3) The obtained pathological specimen sealing liquid has smooth and flat sealing coating and overall light transmittance of more than 90 percent. The hardness of the coating is tested by a pencil hardness tester, and reaches H grade by a Chinese drawing pencil and 750g force. The adhesion of the coating was tested with a cross-cut tape and found to be grade 1.

As shown in figure 1, when the invention is used, firstly a specimen 2 is placed on a glass slide 1, then a pathological specimen sealing liquid is coated on the specimen 2 and the glass slide 1, and a sealing coating 3 is formed after ultraviolet irradiation, so that the use effect is better, and the pathological specimen sealing liquid in the invention can completely replace a cover glass.

After the specimen and the glass slide are processed, directly coating the pathological specimen sealing liquid after vacuumizing on a cell or tissue specimen, clarifying and brightening the specimen without generating bubbles basically, leveling for 5-10 s, and then performing light intensity of 60-300 mW/cm at a wavelength of 365-405 nm and light intensity of 365-300 mW/cm²The ultraviolet light irradiates for about 5-60 s, is basically and completely sealed, has no shrinkage deformation, is safe, simple and convenient to operate and has low cost; and the pathological specimen sealing liquid can be coated by a dispenser to realize accurate operation, the thickness of the adhesive layer can be adjusted within the range of 50-250 um according to the requirement, and the using effect of the invention is further improved.

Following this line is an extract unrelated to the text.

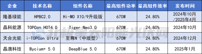 实际上,除市占率外,四大组件寡头的护城河更是建立于技术领先。2024年下半年,技术迭代风暴口,隆基率先推出基于HPBC 2.0技术的全新组件新品Hi-MO X10,将组件量产效率拉高至24.8%。紧随其后,晶科、天合、晶澳纷纷官宣新品,同样追至24.8%。
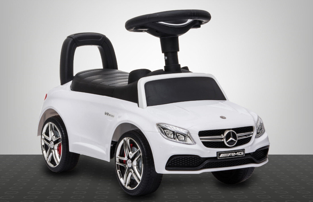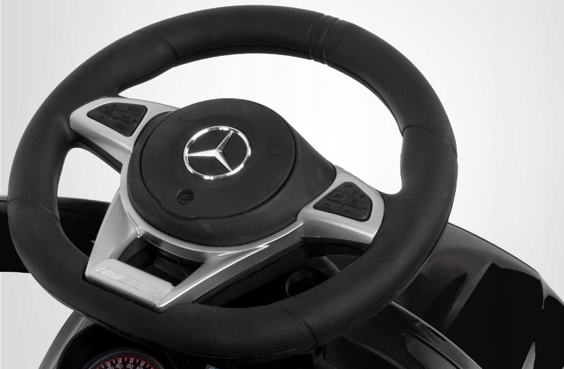 Kierownica jeździka SUN BABY Mercedes Coupe AMG C36 wyposażona jest w przyciski z dźwiękami, które dodają atrakcyjności i zachęcają dziecko do interaktywnej zabawy. Został zaprojektowany z myślą o dzieciach powyżej 12 miesiąca życia, oferując komfort i bezpieczeństwo podczas zabawy. Maksymalne obciążenie jeździka do 23 kg.

The invention has the following beneficial effects:

1. the pathological specimen sealing liquid has the advantages of strong adhesion, quick drying, good hardness, scratch resistance, high transparency, good weather resistance, no bubbles, high light transmittance and the like, can be cured after being irradiated by ultraviolet light, has a flat surface after being sealed, is fog-free, yellowing-resistant and crack-free, and can completely replace a cover glass;

2. the initiator contained in the invention generates active free radicals or cations after absorbing ultraviolet light, thereby initiating monomer polymerization and crosslinking chemical reaction, converting the liquid state of the pathological specimen sealing liquid into a solid state within seconds, and improving the sealing efficiency of the glass slide;

3. the pathological specimen sealing liquid has no VOC volatile matter, all components of the pathological specimen sealing liquid are not limited in environmental regulations, the pathological specimen sealing liquid has a good environmental protection effect, the curing speed is high, the curing can be finished within several seconds to dozens of seconds, and the detection and carrying operation can be carried out after the curing, so that the pathological specimen sealing liquid is beneficial to automatic production and can obviously improve the production rate;

4. the antioxidant contained in the invention is helpful for delaying the aging and yellowing of the specimen slice, so that the specimen slice can still keep better color after years, the storage time of the sample is prolonged, and the medical use requirement can be met.